Out of all the models, logistic regression gave the best results. Because this model is a generalised additive model (with a log-odds ratio link function \(F(x) = ln(\frac{x}{1-x})\)), its transformation g is an accurate representation of the original model (\(e_{f,g}= 2.7 \times 10^{-16}\)). The resulting quasi-nomogram is shown in Fig. 8.6. It can be used both to predict the winner of future matches and to inspect the effect of individual summary statistics on the outcome of a basketball match.

All the learning algorithms we used in our experiments were from the Weka data mining Java library [12], with the exception of the Naive Bayes that we used for Fig. 8.1.

5 Conclusion

In our previous work, which we described in Sect. 8.2, we have proposed a method for explaining an arbitrary prediction model in the form of contributions of individual features. In this chapter we extended that work by showing how such a black-box approach to explanation is closely connected to visualising the model in the form of a nomogram or quasi-nomogram. We proposed a method for constructing a quasi-nomogram for a black-box prediction model, only by changing the inputs and observing the changes of the output. This is convenient in situations when working with and comparing several different types of models, when we wish to avoid implementing a model-specific method for constructing a quasi-nomogram, or when such an implementation is not possible (only the model might be available or we want to avoid investing the time and effort necessary for modifying third-party code).

These quasi-nomograms can also be viewed as prediction curve plots (one for each variable) - plots of how the effect of the variable depends on its value. The only difference is that the values of other variables are not fixed, but varied in a way that captures interactions among all subsets of variables (see Sect. 8.2). If the prediction curve is monotonic (strictly increasing or decreasing) or the variable has only a few values, it can be collapsed onto a single axis, as was shown in some of the examples.

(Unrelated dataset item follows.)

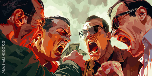 A group of criminals arguing over a split of money, their faces contorted with anger and greed.
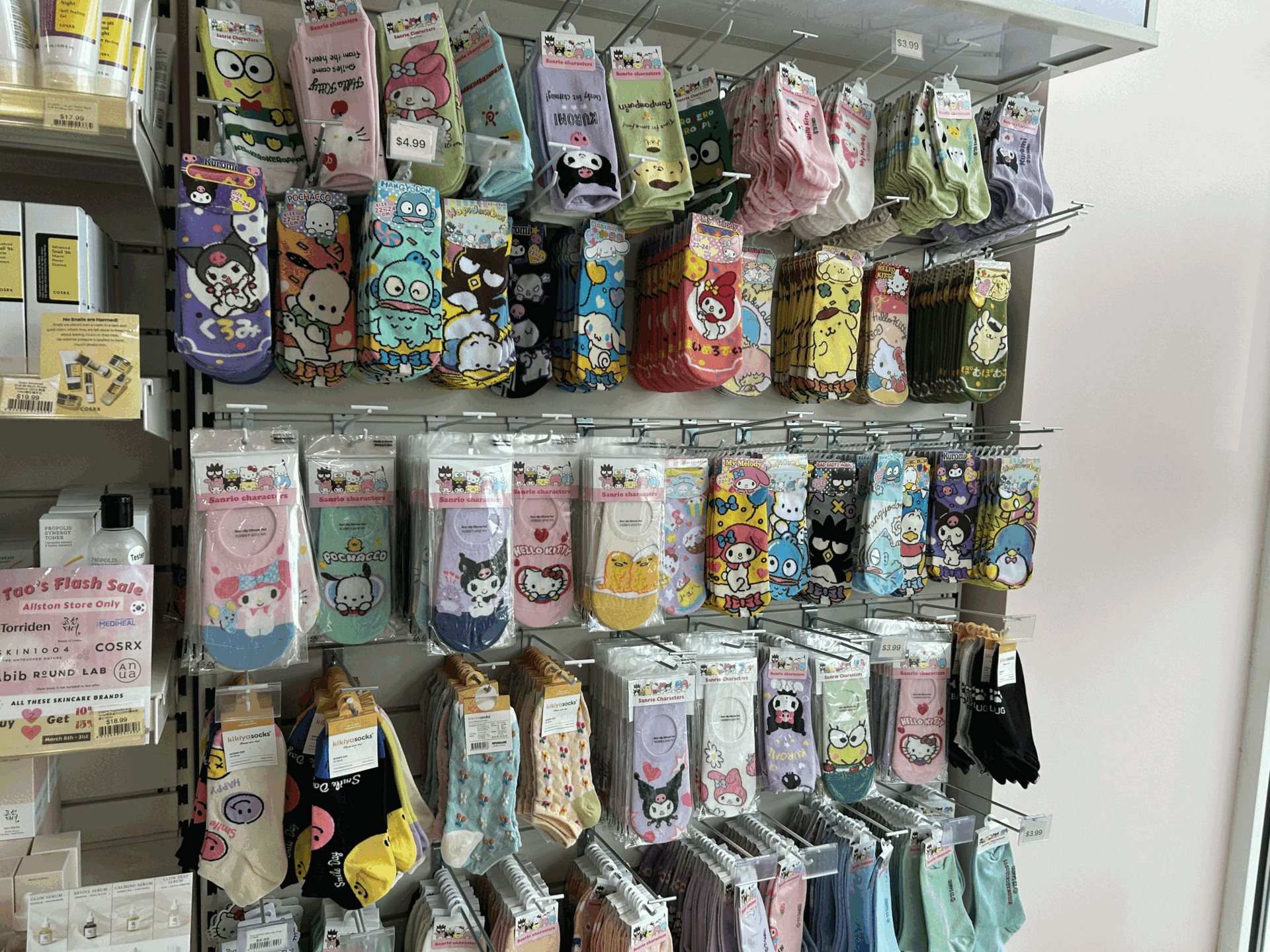 Tao’s is an Asian cosmetic store that also carries a few Sanrio items. They have two store locations in Massachusetts, one in Chinatown, and the other in Brighton. While they do mainly sell non-Sanrio cosmetic items, they also carry some Sanrio keychains, socks, hairbrushes, makeup wipe holders, and lip care products. When I went to the store it was really cute! It is also near a lot of food places and a Boba shop. The prices for the keychains were high, but everything else ranged between $10-15. It is important to note that it is only a small portion of the store that has Sanrio items, but they do have an online store. On their online store, they do have a lot more items than they have in the actual store.

As shown in the illustrative examples, the procedure can be applied to classification and regression tasks, discrete and continuous input variables. For models which are known to be of the generalised additive type, the method is interchangeable with any model-specific method, as it produces equivalent quasi-nomograms, and therefore generalises them. The approach is useful for non-additive models as well, especially when the task is additive or when the resulting loss in prediction accuracy is small or outweighed by the benefits with respect to the interpretability offered by the quasi-nomogram. Additionally, non-additivity is straightforward to detect from the variability and it would be possible to visualise the most important pairwise interaction, further improving how the nomogram represents the model. Three-way or higher level interactions become problematic, however, due to the difficulties of effectively visualising, or representing in some other way, three (and higher) dimensional data and for the human to understand such representations.